Anyone browsing books in a store or library will have observed that Pope Francis’ pontificate continues to generate a good deal of ink. In a relatively short time, the pope has emerged as a world figure, not only as the formal head of the world’s one billion Catholics, but also among the legion of spiritual seekers from other faith traditions and those not under the umbrella of organized religion. The Name of God is Mercy is of particular importance as an accompaniment to the papal Year of Mercy. It comprises a conversation between Pope Francis and a well-known Vatican Journalist, Andrea Tornielli, along with the text of the formal declaration (Bull of Indiction) of the “Extraordinary Jubilee of Mercy.” There is a remarkable similarity in the tone and content of both sections of this book, a rare convergence of a formal Vatican document and the more or less spontaneous reflections of a pope.
This book is exquisitely personal in tone, free flowing yet substantive. The pope’s responses to his interlocutor’s sometimes pointed questions reveal a disarming degree of honesty and even vulnerability that occasionally catches the interviewer off guard. For example, when Francis calls himself a sinner, Tornielli states that it is “striking to hear a pope say this.” The pope then expresses his own surprise by responding with, “Really?” Francis goes on to describe how upon entering a prison he becomes mindful of how only God’s grace and mercy have kept him from being incarcerated: “I deserve to be here. Their fall could have been mine.”
It is inevitable that any serious discussions of mercy will lead to considerations of justice. Regardless of one’s religious orientation, it cannot be denied that actions have consequences, natural and/or humanly imposed. Francis does not avoid the paradoxical relationship between justice and mercy and places it within the mysterious perspective of Divine love. “Justice should not be devalued or rendered superfluous . . . God does not deny justice.” However, because of God’s essential merciful nature, “. . . He (God) envelops it and surpasses (justice) with an event in which we experience love as the true foundation of justice.” (Emphasis added.)

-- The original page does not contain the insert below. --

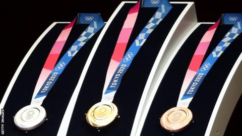 Pingat emas, perak dan gangsa berserta reben dan bekasnya bagi kedua-dua temasya sukan itu diperkenalkan pada majlis “1 Year to Go!” Sukan Olimpik Tokyo 2020 di Tokyo, Jepun hari ini.

In saying, “sinners yes, corrupt no!” the pope captures a critical distinction that is foundational to his teaching. What Francis calls “corruption” is the delusion of absence of sin in one’s life. In contrast, when people recognize the errors of their ways, they “(may) be great sinners and never fall into corruption.” Mercy cannot be received unless one experiences a need for it. (Pope Francis makes the point that even praying for the desire to feel the need for mercy is an important step toward receiving the gift.) The mutuality between repentance and Divine mercy is not only personal; it is “. . . also important in social relationships and relations between countries.”
The Name of God is Mercy has the potential to engage a radical conversion of the heart: to receive God’s mercy, dispel fear, and enlarge its capacity for love.